:: Data for analysis

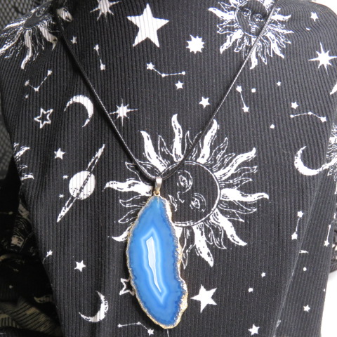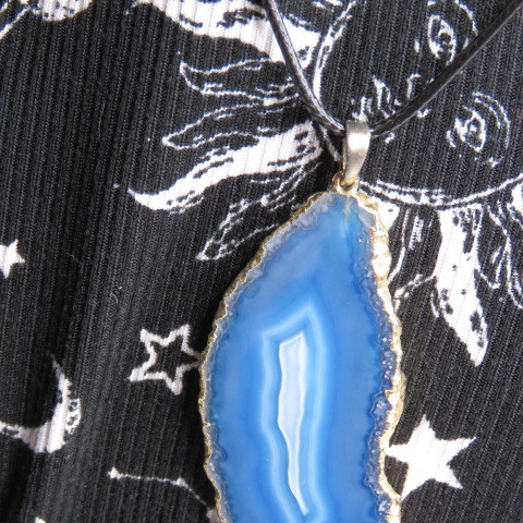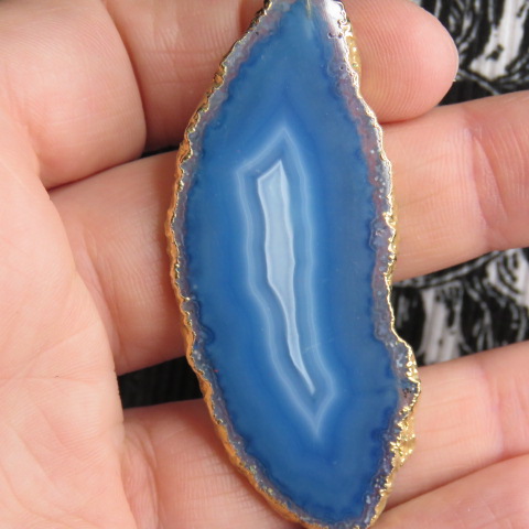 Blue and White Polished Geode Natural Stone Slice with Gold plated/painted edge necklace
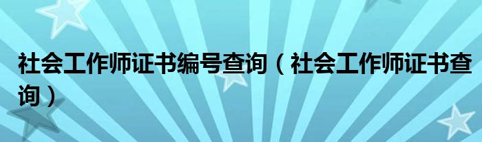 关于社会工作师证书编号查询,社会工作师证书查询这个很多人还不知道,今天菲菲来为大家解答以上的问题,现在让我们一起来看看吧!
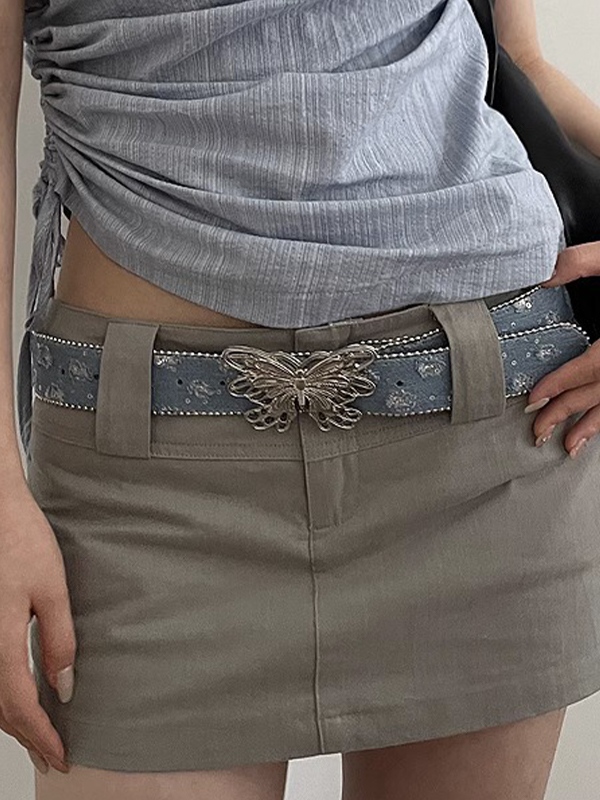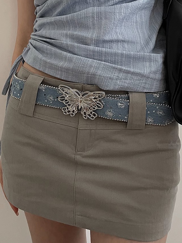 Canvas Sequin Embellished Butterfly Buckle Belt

::::
:: Data for analysis

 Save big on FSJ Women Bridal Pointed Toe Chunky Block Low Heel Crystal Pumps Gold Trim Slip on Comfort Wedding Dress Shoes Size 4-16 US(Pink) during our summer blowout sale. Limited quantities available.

::::

**Work order**
When copying from the data above, begin at the line containing "关于社会工作师证书编号查询,社会工作师证" and end at the line containing "Canvas Sequin Embellished"; return those lines exactly and leave all pictures behind.

**Result**
 关于社会工作师证书编号查询,社会工作师证书查询这个很多人还不知道,今天菲菲来为大家解答以上的问题,现在让我们一起来看看吧!
 Canvas Sequin Embellished Butterfly Buckle Belt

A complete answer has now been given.